• _WHAT THE TASK ASKS_
Output the full listing below exactly, without the pictures.

• _RECORDED INFORMATION_
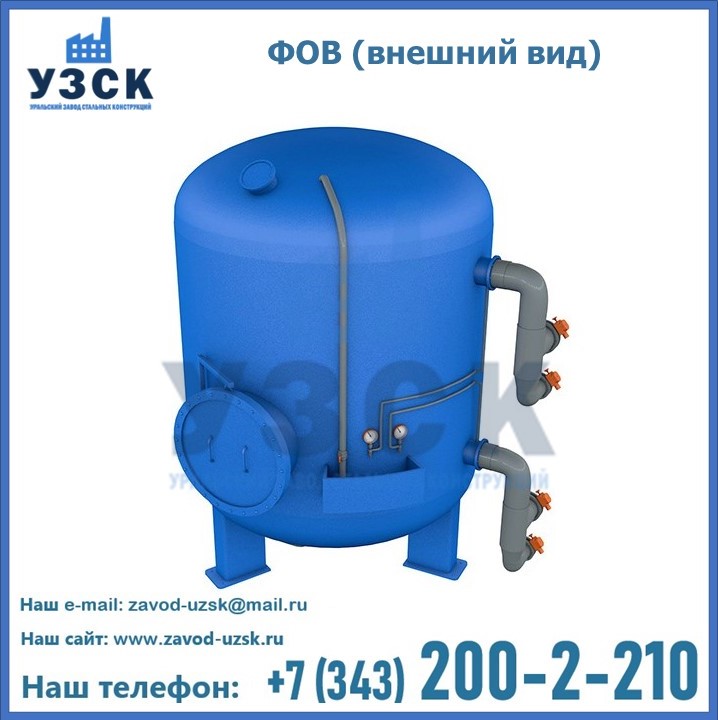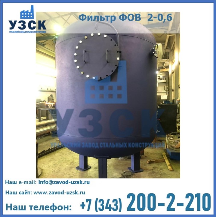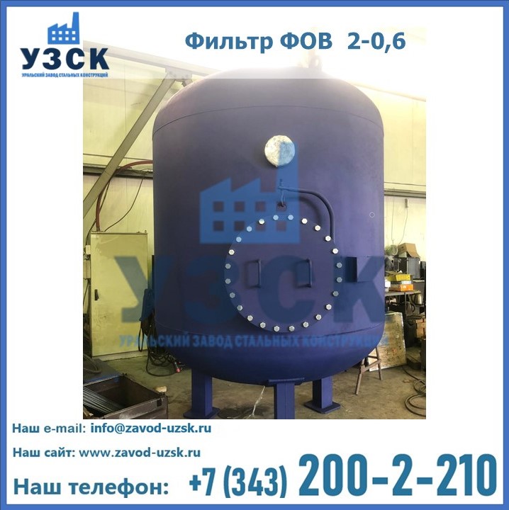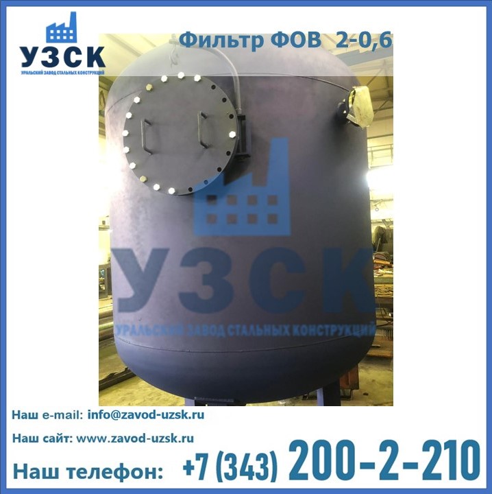 Удаление взвешенных веществ различного уровня дисперсности из рабочих жидкостей эффективно проводит фильтр осветлительный типа ФОВ (скорый или механический) — вертикально-цилиндрической формы установка, разработанная для систем водоподготовки различного класса. Оборудование представляет собой однокамерный агрегат для очистки воды рекомендованный для применения на станциях очистки стоков, в коммунальных котельных, на ТЭЦ, в промышленных отопительных системах и пр. Заказать производство ФОВ фильтров предлагает наш Уральский завод стальных конструкций в Кургане. У нас можно купить фильтрационное оборудование различного класса и типа, в том числе фильтры ФОВ из нержавеющей стали.
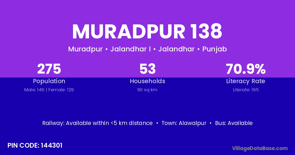 Muradpur 138 village has a total population of 275 people, of which 146 are males and 129 are females.
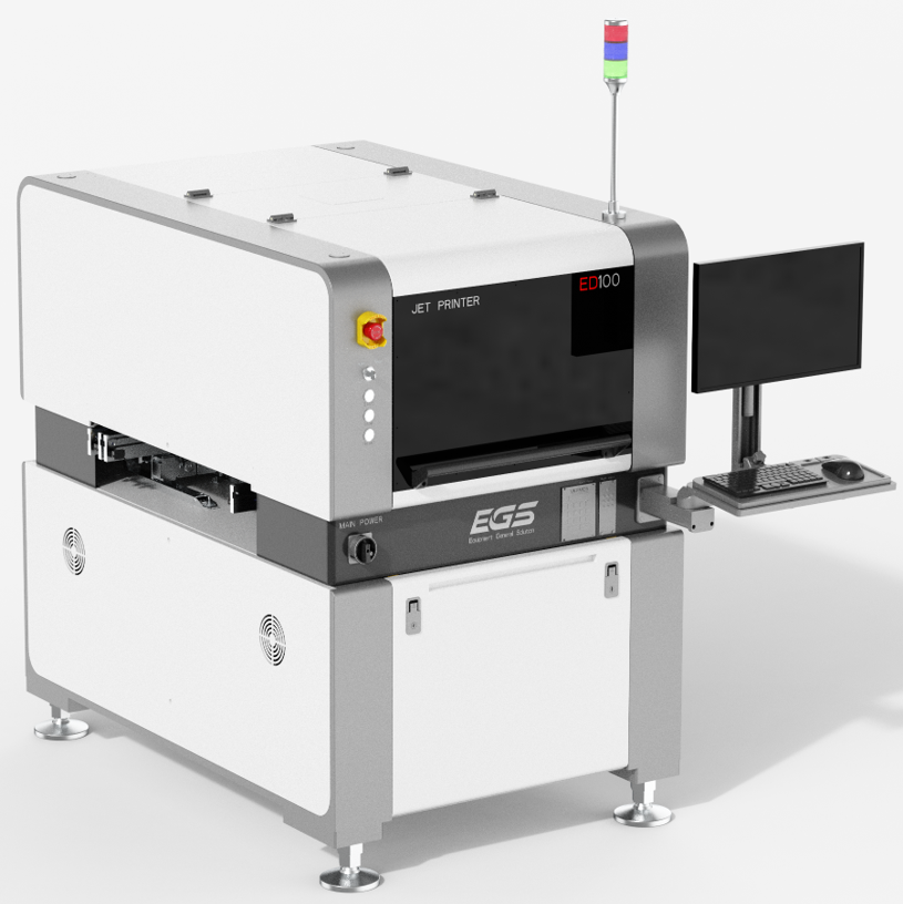 Jet Printer -ED 100 Series 고속 젯프린터 최소 Dot size 150 μm 시간당 180만 Dotting 속도 공정능력 1.33cpk 이상의 고정밀 고품질 구현 메탈마스크없이 솔더페이스트 도포

• _COMPLETED TASK_
 Удаление взвешенных веществ различного уровня дисперсности из рабочих жидкостей эффективно проводит фильтр осветлительный типа ФОВ (скорый или механический) — вертикально-цилиндрической формы установка, разработанная для систем водоподготовки различного класса. Оборудование представляет собой однокамерный агрегат для очистки воды рекомендованный для применения на станциях очистки стоков, в коммунальных котельных, на ТЭЦ, в промышленных отопительных системах и пр. Заказать производство ФОВ фильтров предлагает наш Уральский завод стальных конструкций в Кургане. У нас можно купить фильтрационное оборудование различного класса и типа, в том числе фильтры ФОВ из нержавеющей стали.
 Muradpur 138 village has a total population of 275 people, of which 146 are males and 129 are females.
 Jet Printer -ED 100 Series 고속 젯프린터 최소 Dot size 150 μm 시간당 180만 Dotting 속도 공정능력 1.33cpk 이상의 고정밀 고품질 구현 메탈마스크없이 솔더페이스트 도포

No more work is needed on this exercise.